Some inside details of the barn. ~ Just installed an Auto Lift inside the garage.
*


----------



## alpink (Aug 22, 2010)

all the little touchs add up to a very nice, well thought out diorama.
nice shop property.
Like the doghouse and the "sofa" on the porch!
LOL


----------



## XracerHO (Feb 6, 2008)

Always glad to see another shop open & GREAT diorama!! :thumbsup::thumbsup: ..RL


----------



## Hilltop Raceway (Feb 12, 2006)

Good stuff here, like that lift... :thumbsup::thumbsup: RM


----------



## TJETDRAGRACER (Jan 25, 2008)

*Thanks Everyone for liking my shop.
Here is one more pic of the inside of the barn & planing on adding some more GreenLight accessories, When thay don't look right to scale with the t-jets I trim them down a bit.
Like the Drill press looks to be to high for an 1:82 / 1:72 scale figure.

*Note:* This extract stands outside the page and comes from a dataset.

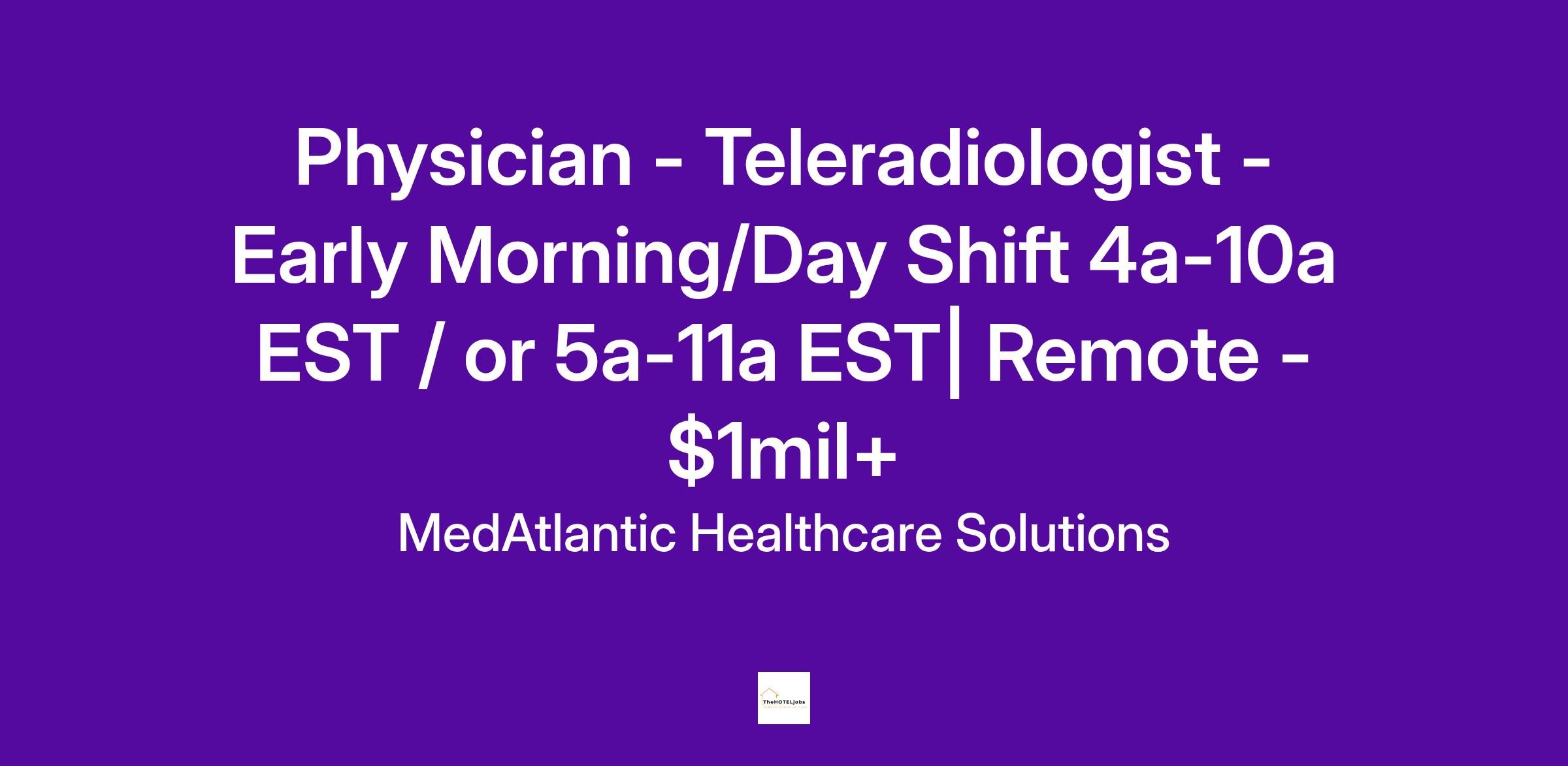 MedAtlantic is seeking US-based Radiologists to join a radiologist-owned & physician-focused teleradiology practice for a 100% remote teleradiology position.

I know this whole scale thing can drive you crazy. I mix & match 1:87 / 1:72 & 1:64 scales.
If it looks close to scale for the diorama your building then that's good enough I say. 
The GreenLight 1:64 car trailer, I took 1/4" out of the middle and took 3/8" off the front & put different wheels & tires on it. ~ The floor jack I trimed down but it sill look's to big. 
*


----------



## Ralphthe3rd (Feb 24, 2011)

Very Nice Shop and Diorama, I'm glad to see others modeling scenes like this :thumbsup:


----------



## Bubba 123 (Sep 10, 2010)

sidecar53 said:


> Nice!!


Wish I had it In a 1:1 scale Here!! :thumbsup:

Bubba 123 :wave:


----------



## LostDog44 (Mar 18, 2013)

Great job, very nice!!!!


----------